Source records -
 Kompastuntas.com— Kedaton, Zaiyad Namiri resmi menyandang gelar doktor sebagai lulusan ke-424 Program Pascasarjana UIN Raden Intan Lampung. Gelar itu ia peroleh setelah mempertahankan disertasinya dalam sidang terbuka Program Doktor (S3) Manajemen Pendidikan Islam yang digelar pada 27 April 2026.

==

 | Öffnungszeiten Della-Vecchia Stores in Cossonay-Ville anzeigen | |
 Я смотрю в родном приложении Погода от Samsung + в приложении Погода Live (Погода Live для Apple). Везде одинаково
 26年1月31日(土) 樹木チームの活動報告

What you need to do - In the entries above, find the line with "Я смотрю в родном" and the line with "26年1月31日(土) 樹木チームの活動報告", then set down exactly those two and every line between them, nothing else.

Solved exercise -
 Я смотрю в родном приложении Погода от Samsung + в приложении Погода Live (Погода Live для Apple). Везде одинаково
 26年1月31日(土) 樹木チームの活動報告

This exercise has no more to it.